Our advertising agency, Veritone One, delivered strong performance in Q2 with revenues increasing substantially year-over-year at over 25%. We also saw significant growth from key customers such as Mint Mobile, LinkedIn, Draft Kings and Quint. By expanding our customers’ media investments and adding prominent new customers, including market-leading Chewy, we’ve capitalized on the revitalized advertising market. Streaming and YouTube media placements led the way, with revenues surging 55% and 29%, respectively, driving improved margins. This momentum is expected to continue, fueled by a robust pipeline of new advertisers in various stages of contracting and discussions, positioning us for continued success in the quarters to come. Finally, I would like to comment on Veritone’s public sector business both in terms of strategy and progress.
We are very bullish about our public sector growth prospects.

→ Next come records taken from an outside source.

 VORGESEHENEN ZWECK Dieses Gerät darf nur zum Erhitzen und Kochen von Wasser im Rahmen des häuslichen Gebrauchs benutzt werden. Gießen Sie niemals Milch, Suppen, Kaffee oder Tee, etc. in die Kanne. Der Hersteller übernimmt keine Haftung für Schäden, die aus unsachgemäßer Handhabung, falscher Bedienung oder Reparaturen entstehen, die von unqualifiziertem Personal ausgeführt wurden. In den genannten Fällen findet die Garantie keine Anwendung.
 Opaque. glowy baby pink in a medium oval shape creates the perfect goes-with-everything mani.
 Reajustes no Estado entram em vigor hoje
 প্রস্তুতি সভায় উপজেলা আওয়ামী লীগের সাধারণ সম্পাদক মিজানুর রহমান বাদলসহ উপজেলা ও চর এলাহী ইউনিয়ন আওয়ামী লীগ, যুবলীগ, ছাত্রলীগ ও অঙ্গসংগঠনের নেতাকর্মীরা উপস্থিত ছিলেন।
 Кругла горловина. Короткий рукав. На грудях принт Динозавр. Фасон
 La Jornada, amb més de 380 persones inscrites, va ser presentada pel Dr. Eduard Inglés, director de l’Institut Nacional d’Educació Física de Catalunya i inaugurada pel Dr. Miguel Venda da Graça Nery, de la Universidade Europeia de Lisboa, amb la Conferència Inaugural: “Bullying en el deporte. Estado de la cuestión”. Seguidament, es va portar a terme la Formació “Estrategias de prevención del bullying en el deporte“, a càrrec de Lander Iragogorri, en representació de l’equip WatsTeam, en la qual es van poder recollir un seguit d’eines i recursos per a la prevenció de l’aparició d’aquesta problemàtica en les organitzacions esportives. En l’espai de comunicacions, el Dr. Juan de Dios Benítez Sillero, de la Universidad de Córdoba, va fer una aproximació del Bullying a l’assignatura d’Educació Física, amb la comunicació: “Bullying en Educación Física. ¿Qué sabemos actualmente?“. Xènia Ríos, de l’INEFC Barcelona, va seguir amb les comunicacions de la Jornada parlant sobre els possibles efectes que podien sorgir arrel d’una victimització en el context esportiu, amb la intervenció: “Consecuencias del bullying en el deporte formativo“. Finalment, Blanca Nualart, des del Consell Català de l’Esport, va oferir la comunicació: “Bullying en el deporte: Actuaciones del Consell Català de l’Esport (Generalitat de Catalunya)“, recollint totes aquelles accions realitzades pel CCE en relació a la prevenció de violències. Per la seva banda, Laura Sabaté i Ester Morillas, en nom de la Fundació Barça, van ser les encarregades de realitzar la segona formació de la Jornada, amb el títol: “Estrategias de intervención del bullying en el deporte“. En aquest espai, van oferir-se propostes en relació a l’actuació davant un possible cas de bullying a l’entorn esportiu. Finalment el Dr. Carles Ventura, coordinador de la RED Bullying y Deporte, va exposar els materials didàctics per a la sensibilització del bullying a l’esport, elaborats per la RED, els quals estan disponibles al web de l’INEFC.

To provide some context around this, we came to market in state and local law enforcement with our initial AI solutions in 2019 and despite the impact of COVID, today, we service several hundred state and local enforcement agencies and are growing quickly. On the federal side, despite coming to market just recently in 2020, we already are contracting with Fed SIV and Fed DoD agencies. This is great progress relative to the timing of government contracting and procurement, especially for a new AI software player in the space. This progress is a direct result of our market-leading AI products and solutions built on aiWARE. Our go-to-market strategy is clear, applicable and extensible across state and local law enforcement and judicial agencies, Fed SIV, Fed DoD and international government.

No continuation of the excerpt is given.